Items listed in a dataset

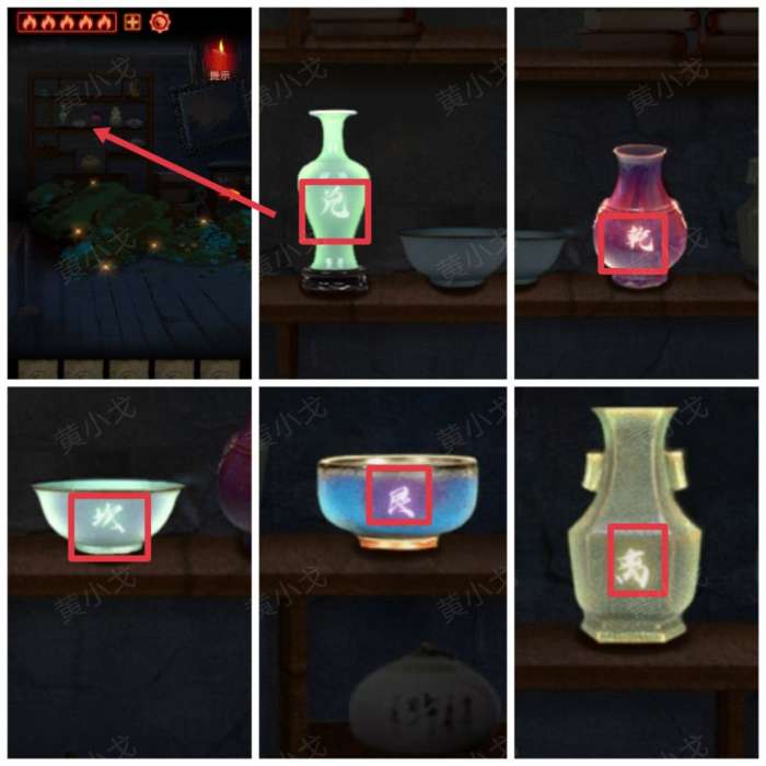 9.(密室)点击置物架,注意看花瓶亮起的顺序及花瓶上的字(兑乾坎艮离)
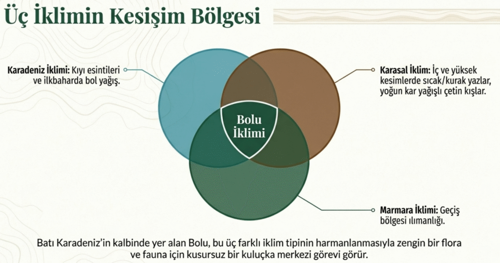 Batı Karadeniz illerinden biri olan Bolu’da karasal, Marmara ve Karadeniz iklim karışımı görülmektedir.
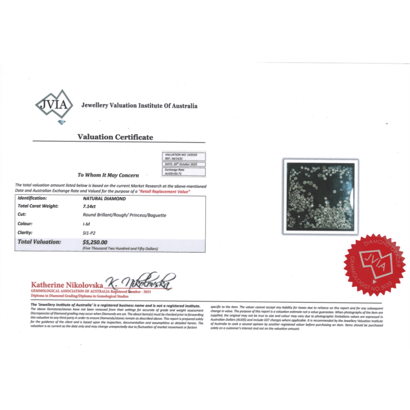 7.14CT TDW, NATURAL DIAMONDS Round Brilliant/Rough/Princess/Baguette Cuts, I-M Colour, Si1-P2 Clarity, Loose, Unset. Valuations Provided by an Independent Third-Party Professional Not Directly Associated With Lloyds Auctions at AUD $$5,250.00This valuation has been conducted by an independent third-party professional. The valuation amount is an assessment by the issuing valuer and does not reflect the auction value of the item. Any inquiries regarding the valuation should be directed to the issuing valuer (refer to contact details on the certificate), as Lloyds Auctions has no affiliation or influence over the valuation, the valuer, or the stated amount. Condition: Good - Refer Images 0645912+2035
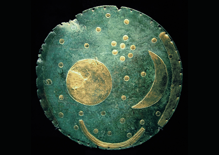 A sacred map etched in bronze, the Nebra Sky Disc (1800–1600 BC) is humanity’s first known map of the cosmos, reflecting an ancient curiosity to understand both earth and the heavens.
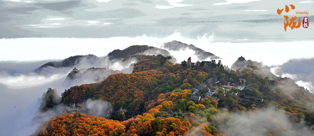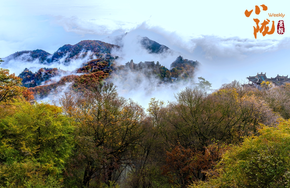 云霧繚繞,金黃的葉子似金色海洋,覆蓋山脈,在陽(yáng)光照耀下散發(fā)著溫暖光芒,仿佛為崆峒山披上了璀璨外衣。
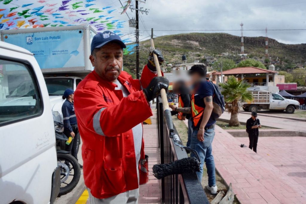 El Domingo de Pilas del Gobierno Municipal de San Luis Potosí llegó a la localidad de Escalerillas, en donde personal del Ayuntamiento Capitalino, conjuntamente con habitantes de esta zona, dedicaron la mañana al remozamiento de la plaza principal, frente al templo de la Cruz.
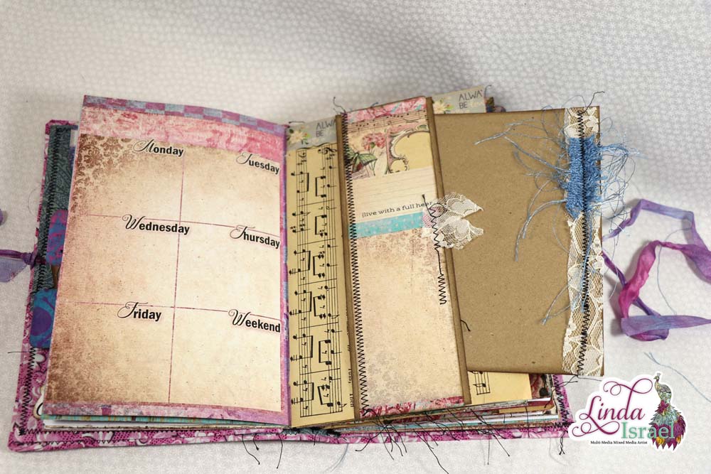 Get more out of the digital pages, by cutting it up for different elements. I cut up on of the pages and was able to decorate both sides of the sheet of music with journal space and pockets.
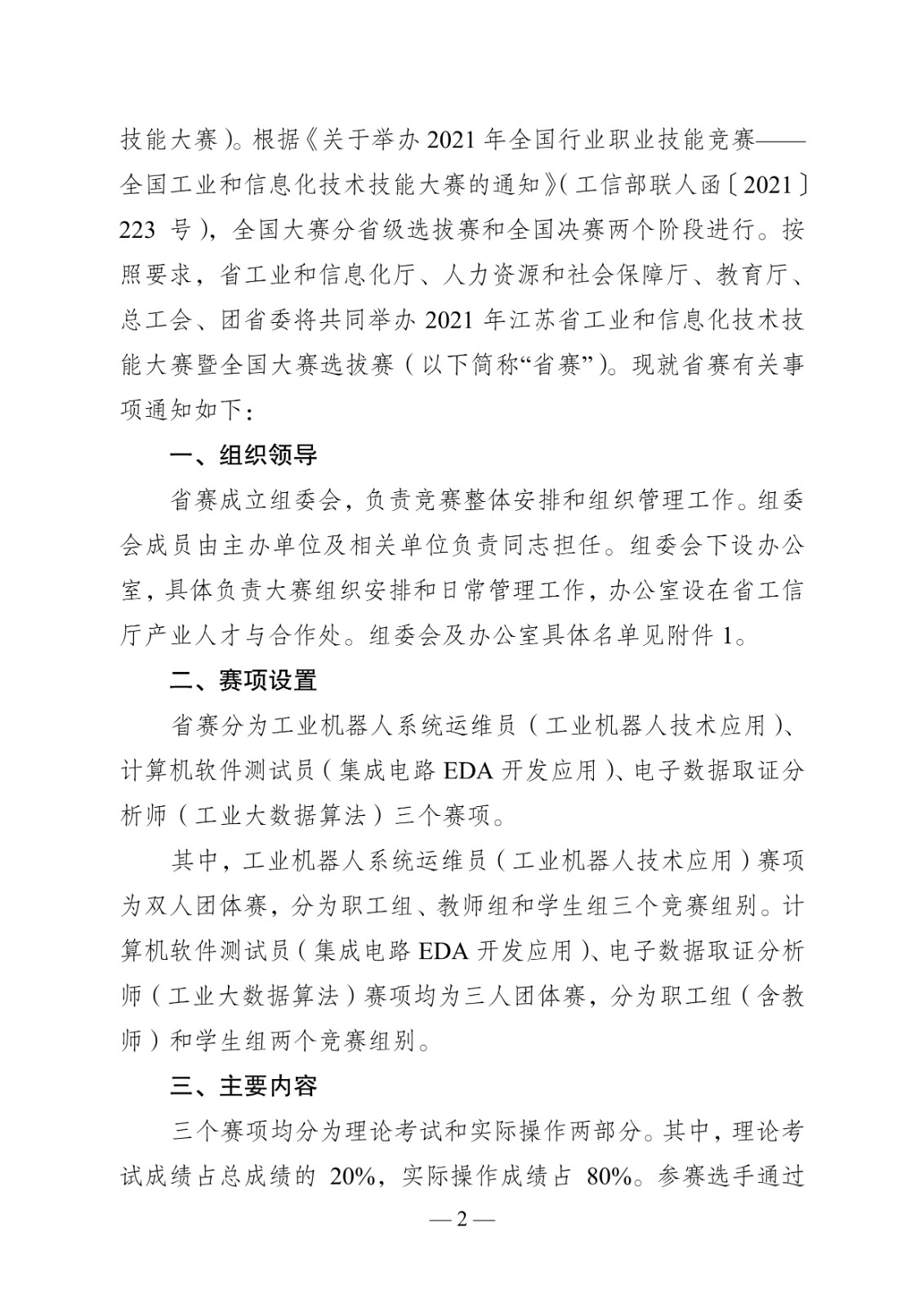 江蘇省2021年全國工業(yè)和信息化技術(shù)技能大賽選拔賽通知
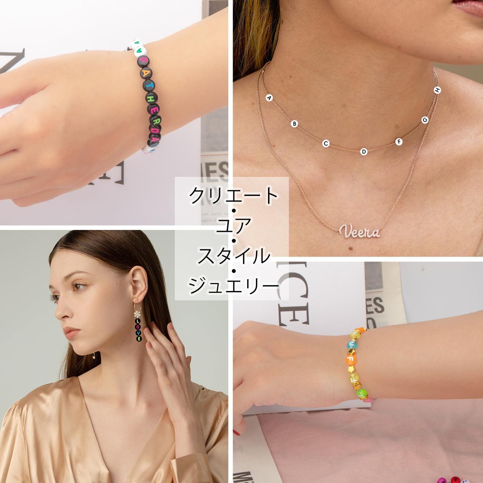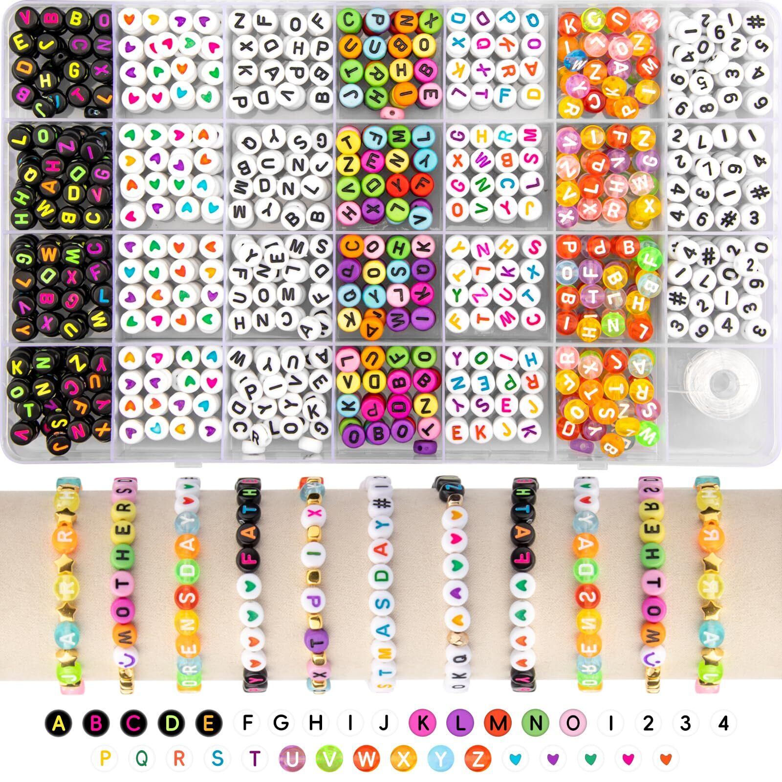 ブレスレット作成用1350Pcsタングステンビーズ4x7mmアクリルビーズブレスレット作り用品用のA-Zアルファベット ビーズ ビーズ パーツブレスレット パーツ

◆ Task item ◆
Drop the pictures, then transcribe the lines from the one containing "Get more out" to the end of the data above, exactly and nothing more.

◆ Answer to this problem ◆
 Get more out of the digital pages, by cutting it up for different elements. I cut up on of the pages and was able to decorate both sides of the sheet of music with journal space and pockets.
 江蘇省2021年全國工業(yè)和信息化技術(shù)技能大賽選拔賽通知
 ブレスレット作成用1350Pcsタングステンビーズ4x7mmアクリルビーズブレスレット作り用品用のA-Zアルファベット ビーズ ビーズ パーツブレスレット パーツ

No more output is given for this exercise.